# I just it was cool



## OsiaBoyce (Apr 13, 2007)

I saw the building this was housed in probably 40 years ago when I was seven. It had done fell in is about all I remember. A friend moved near the spot a while ago and he was telling me about some big gears. I rembered the spot and found this being the building had done rotted away. I was informed this was not what he was talking about. The rest of the running gear was someplace else,he took me to see it. Had to have this cut me a road to it, built me a scaffold around it, dug under it. chain falled id up, set it on some skids and dragged it out. Planned to drag it 3 miles home. Bad idea. Put in on a trailor and dumped it here. The bands around it are wagon wheel rims. Seems it had cracked and this was used to hold it together. 5 ft. across and 1 ft. thick. And I got to thinking and this is what happened. Just finnished it. Got to show somebody have no neighbors. Oh yea now I done pissed a couple of people cause they said they wanted it. After it done sat there how long?


----------



## OsiaBoyce (Apr 13, 2007)

And while I had the bricks I finished this project today also....well almost. Now Paula can get her flowers in it.


----------



## huffmnd (Apr 13, 2007)

That is really nice!!! All I have to say about those people that wanted it........................TOUGH LUCK!!!


----------



## OsiaBoyce (Apr 13, 2007)

And while I was toteing off millstones I figured I'd get the foundation stones and make some steps. Why go to Lows or Home Depot?


----------



## tazmainiendigger (Apr 13, 2007)

Nice artsy stuff Pat! That what I do, play for a liv'n  and have fun for profit![] Taz


----------



## epgorge (Apr 13, 2007)

Really nice rock work Osia, Send us a pic when the flowers are up. Where you at the midwest?

 Hey Taz,
 I noticed you said you worked on high towers. Ever work for Don Precott the Tower King? He use to brag he had erections all over the Northeast. Maine too!

 Joel


----------



## huffmnd (Apr 13, 2007)

He had what all over the Northeast?


----------



## capsoda (Apr 14, 2007)

Very nice work Pat. I love it and will make sure that the wife doesn't see this.


----------



## bubbas dad (Apr 14, 2007)

isn't that a mill stone from a grist mill? it makes a nice center peice for your yard.


----------



## whiskeyman (Apr 14, 2007)

OSIA...VERRRRRRRRRRRRY NICE !

 Typical: no one wants something until *you *get it.


----------



## zanes_antiques (Apr 14, 2007)

Those Vintage Burr Stones are getting harder to come by these days. The last one i sold I got $1500 out of so I'm not suprized that others wanted it too.


----------



## OsiaBoyce (Apr 14, 2007)

Thanks yall I can't belive I even do this. Before I met Paula 7 years ago I was a long haired,dope smoking, Harley riding, Hell raising scaffold builder, an erection specialist you could say, with Brand Scaffold.

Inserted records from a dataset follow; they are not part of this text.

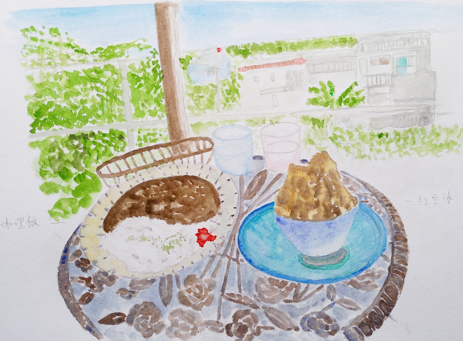 石疊屋真珠的擺設和食物都配得上美景,色彩繽紛的玻璃杯,黑色花紋桌子……
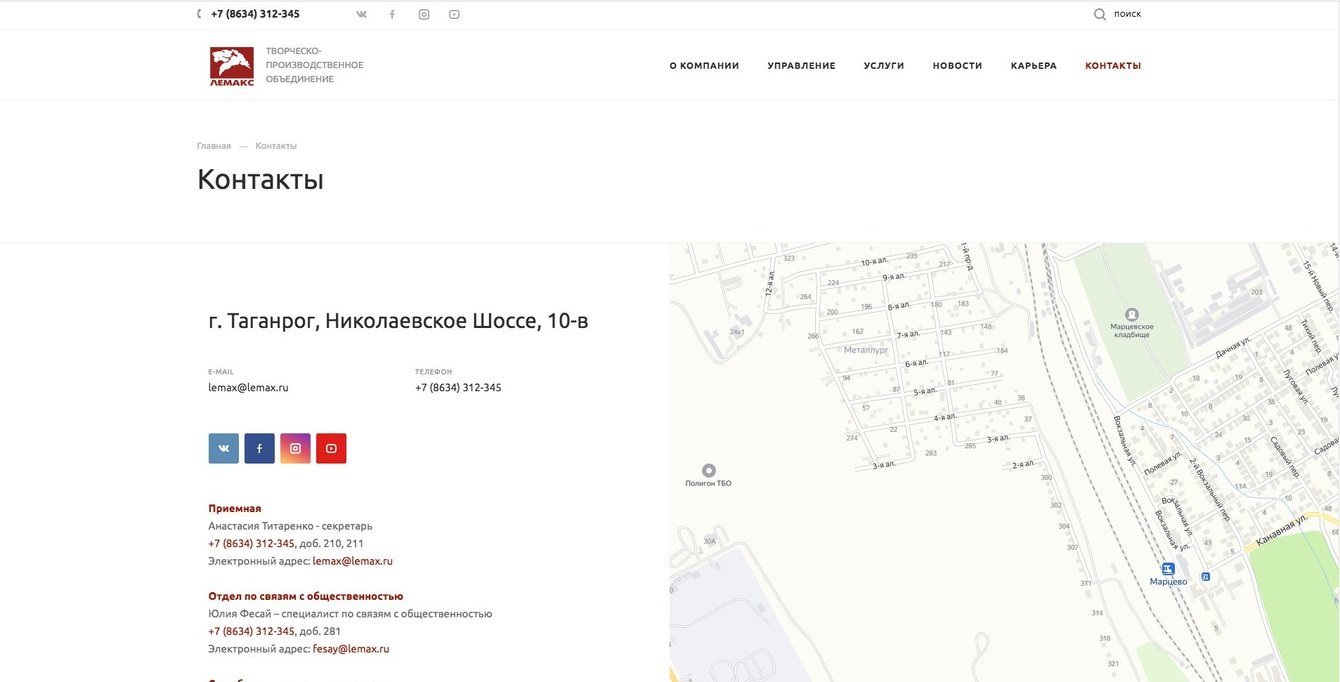 Последний, но не менее важный раздел. Здесь размещены телефоны, электронные адреса компании, социальные сети, форма обратной связи, реквизиты компании и интерактивная карта, которая дает возможность без затруднений найти компанию.
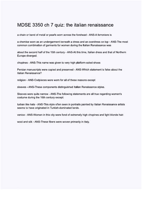 Read Online Italian Renaissance Answers Kindle Editon
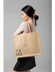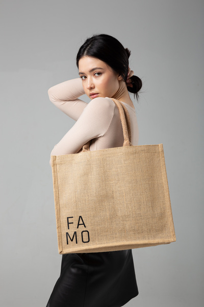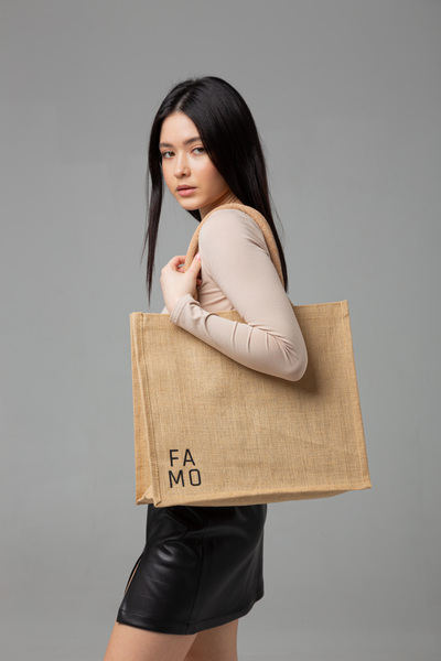 Шоппер виконаний з натурального джуту. Цей матеріал виготовляється з рослин і широко споживається у всьому світі. Вироби з джуту легкі, міцні та мають цікаву волокнисту структуру.

I've been in every paper mill and power plant boiler in the south-east.I was rideing Harleys when it wasn't cool, got my Electraglide 27 years ago when I was 20 and it was on. Now I've cut my hair and plant flowers and landscape my yard. My ma even likes me now. Because of some farming indisgressions and Mexicans I no longer build scaffolds becaue I'm a threat to national security. Home Security Act got my job. So this is what I do now. Can you say got it made. Paula has killer job. epgorge as far as where I live it's in S.C. don't let the cows fool ya. I live at the head of the Edisto river longest blackwater river in the world,borders my land. And John yes gristmill a flour mill to be exact. There were some composit stones, but they had done come apart. Apparently they used a different stone to mill flour. Ok thats it got to do some yard work. If my ex-boss could see me now, I don't belive it myself and thanks again.


----------



## zanes_antiques (Apr 15, 2007)

I worked for Brand Scaffold last Saturday in a boiler. Not an easy vocation. I have a friend who carves stone and does really nice replica Burr Stones.


----------